Yang Penglu, Yang Bin
The First Clinical School & Union Hospital, Tongji Medical College, Huazhong University of Science and Technology, Wuhan, Hubei, China.
Health Management Center, Union Hospital, Tongji Medical College, Huazhong University of Science and Technology, Wuhan, Hubei, China.
PLoS One. 2025 Feb 24;20(2):e0318226. doi: 10.1371/journal.pone.0318226. eCollection 2025.
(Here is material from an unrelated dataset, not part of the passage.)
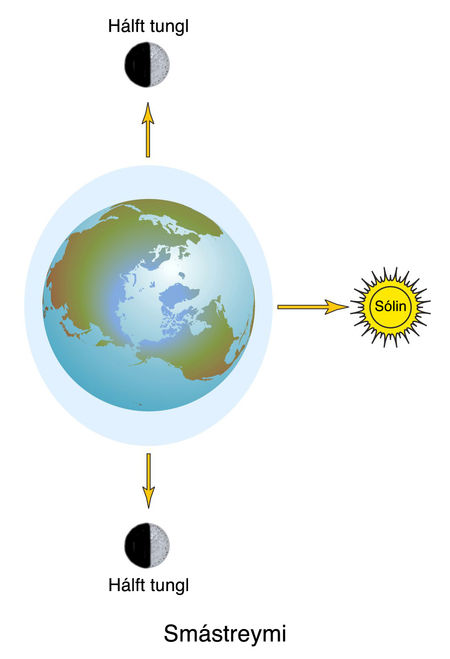 | Þegar Jörðin er hornrétt á tungl og sól vega flóðkrftar tungls og sólar á móti hvor öðrum og úr verður smástreymi. Myndin er augljóslega ekki í réttum hlutföllum. Mynd: Stjörnufræðivefurinn/W. H. Freeman |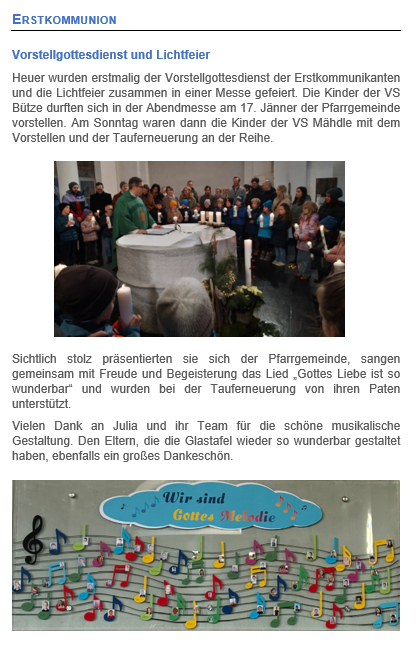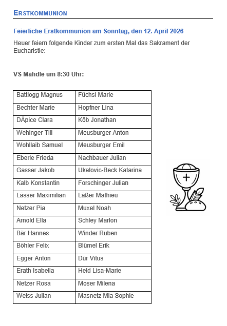 Herzlich willkommen zum Newsbereich unserer Pfarre! Hier erfährst du alles über unsere aktuellen Aktivitäten und Neuigkeiten aus der Gemeinde.

This study aimed to develop and compare machine learning models for predicting diabetic retinopathy (DR) using clinical and biochemical data, specifically logistic regression, random forest, XGBoost, and neural networks.
A dataset of 3,000 diabetic patients, including 1,500 with DR, was obtained from the National Population Health Science Data Center. Significant predictors were identified, and four predictive models were developed. Model performance was assessed using accuracy, precision, recall, F1-score, and area under the curve (AUC).
Random forest and XGBoost demonstrated superior performance, achieving accuracies of 95.67% and 94.67%, respectively, with AUC values of 0.991 and 0.989. Logistic regression yielded an accuracy of 76.50% (AUC: 0.828), while neural networks achieved 82.67% accuracy (AUC: 0.927). Key predictors included 24-hour urinary microalbumin, HbA1c, and serum creatinine.
The study highlights random forest and XGBoost as effective tools for early DR detection, emphasizing the importance of renal and glycemic markers in risk assessment. These findings support the integration of machine learning models into clinical decision-making for improved patient outcomes in diabetes management.
本研究旨在利用临床和生化数据开发并比较用于预测糖尿病视网膜病变(DR)的机器学习模型,具体包括逻辑回归、随机森林、XGBoost和神经网络。
从国家人口健康科学数据中心获得了一个包含3000名糖尿病患者的数据集,其中1500名患有DR。确定了显著预测因子,并开发了四种预测模型。使用准确率、精确率、召回率、F1分数和曲线下面积(AUC)评估模型性能。
随机森林和XGBoost表现出卓越的性能,准确率分别达到95.67%和94.67%,AUC值分别为0.991和0.989。逻辑回归的准确率为76.50%(AUC:0.828),而神经网络的准确率为82.67%(AUC:0.927)。关键预测因子包括24小时尿微量白蛋白、糖化血红蛋白(HbA1c)和血清肌酐。
该研究强调随机森林和XGBoost是早期DR检测的有效工具,强调了肾脏和血糖标志物在风险评估中的重要性。这些发现支持将机器学习模型整合到临床决策中,以改善糖尿病管理中的患者预后。